▸ **YOUR TASK**:
Restate the listing below word for word; no picture is to be carried over.

▸ **DATA SECTION**:
════════
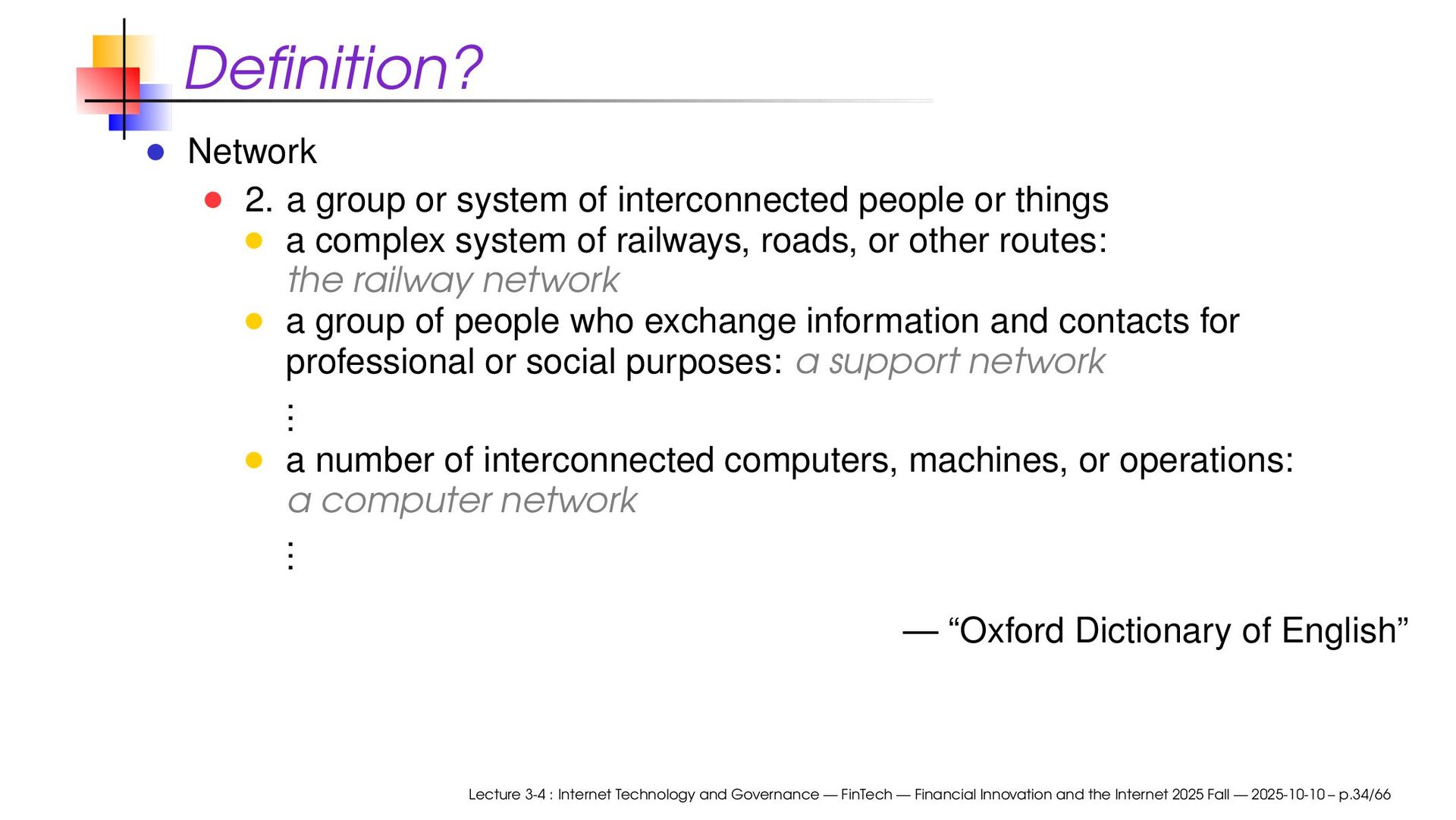 or things a complex system of railways, roads, or other routes: the railway network a group of people who exchange information and contacts for professional or social purposes: a support network . . . a number of interconnected computers, machines, or operations: a computer network . . . — “Oxford Dictionary of English” Lecture 3-4 : Internet Technology and Governance — FinTech — Financial Innovation and the Internet 2025 Fall — 2025-10-10 – p.34/66
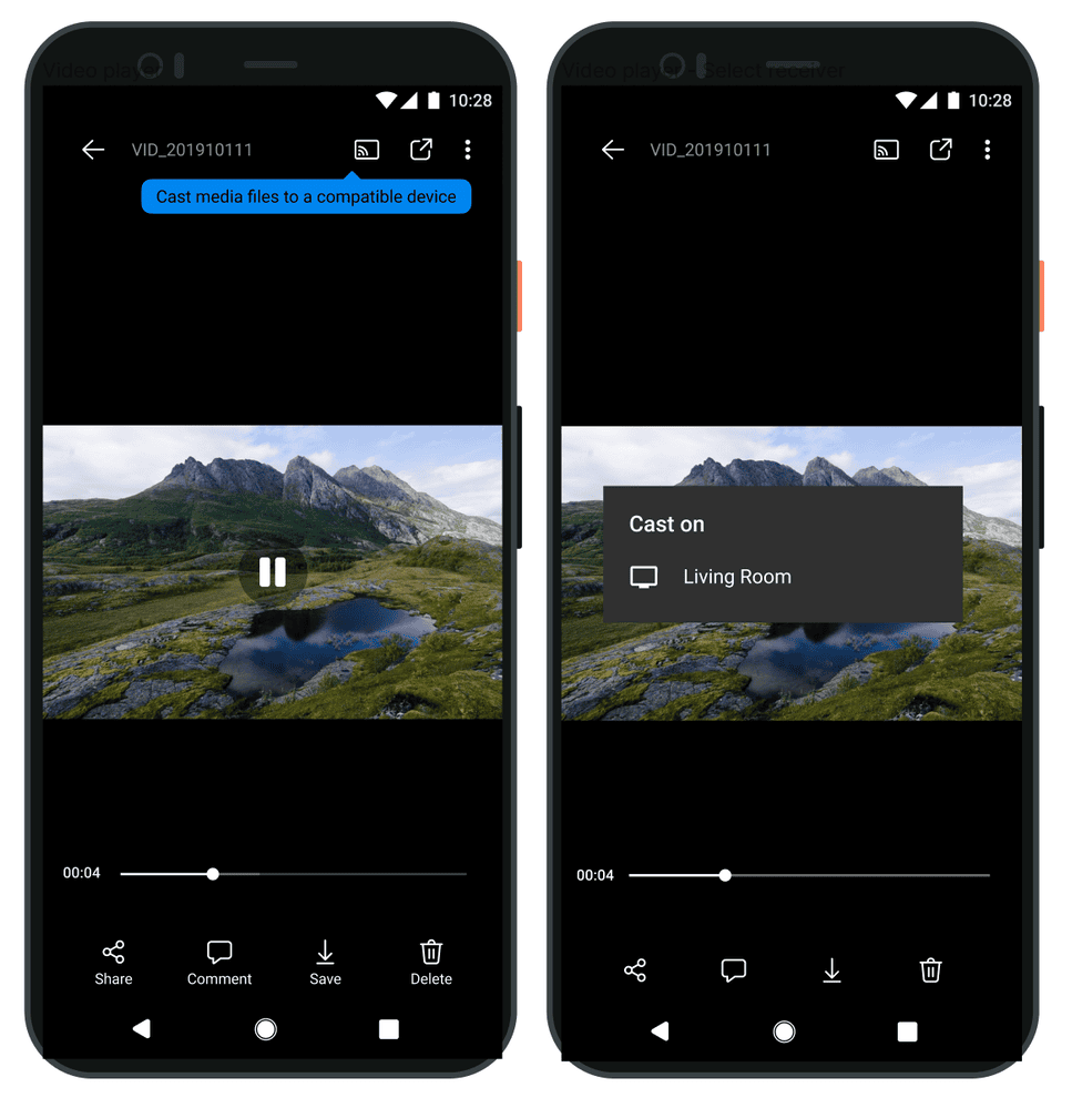Artık OneDrive fotoğraflarınızın ve videolarınızın keyfini Chromecast ile televizyonunuzda görüntüleyerek daha geniş bir formatta çıkarabilirsiniz. Medya dosyalarını Chromecast cihazlarda görüntülemek için telefonunuzu Chromecast özellikli bir cihaza bağlamanız, Android için OneDrive uygulamasını açmanız ve OneDrive ana sayfa sekmesinin sağ üst köşesindeki Cast simgesine dokunmanız yeterli olacaktır. Telefonunuzdaki fotoğraflar ve videolar arasında gezinirken, bunları Chromecast özellikli televizyonunuzda veya cihazınızda görebileceksiniz.
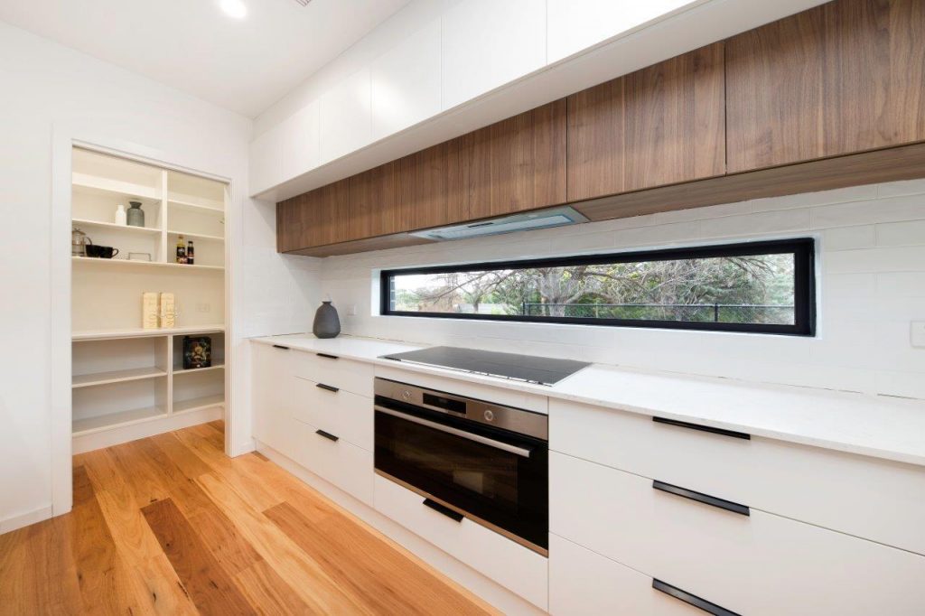 Designer kitchen with attractive stone bench-tops, Bosch appliances, an abundance of storage and fantastic walk-in pantry
════════
▸ **SOLUTION TO THIS PROBLEM**:
 or things a complex system of railways, roads, or other routes: the railway network a group of people who exchange information and contacts for professional or social purposes: a support network . . . a number of interconnected computers, machines, or operations: a computer network . . . — “Oxford Dictionary of English” Lecture 3-4 : Internet Technology and Governance — FinTech — Financial Innovation and the Internet 2025 Fall — 2025-10-10 – p.34/66
Artık OneDrive fotoğraflarınızın ve videolarınızın keyfini Chromecast ile televizyonunuzda görüntüleyerek daha geniş bir formatta çıkarabilirsiniz. Medya dosyalarını Chromecast cihazlarda görüntülemek için telefonunuzu Chromecast özellikli bir cihaza bağlamanız, Android için OneDrive uygulamasını açmanız ve OneDrive ana sayfa sekmesinin sağ üst köşesindeki Cast simgesine dokunmanız yeterli olacaktır. Telefonunuzdaki fotoğraflar ve videolar arasında gezinirken, bunları Chromecast özellikli televizyonunuzda veya cihazınızda görebileceksiniz.
 Designer kitchen with attractive stone bench-tops, Bosch appliances, an abundance of storage and fantastic walk-in pantry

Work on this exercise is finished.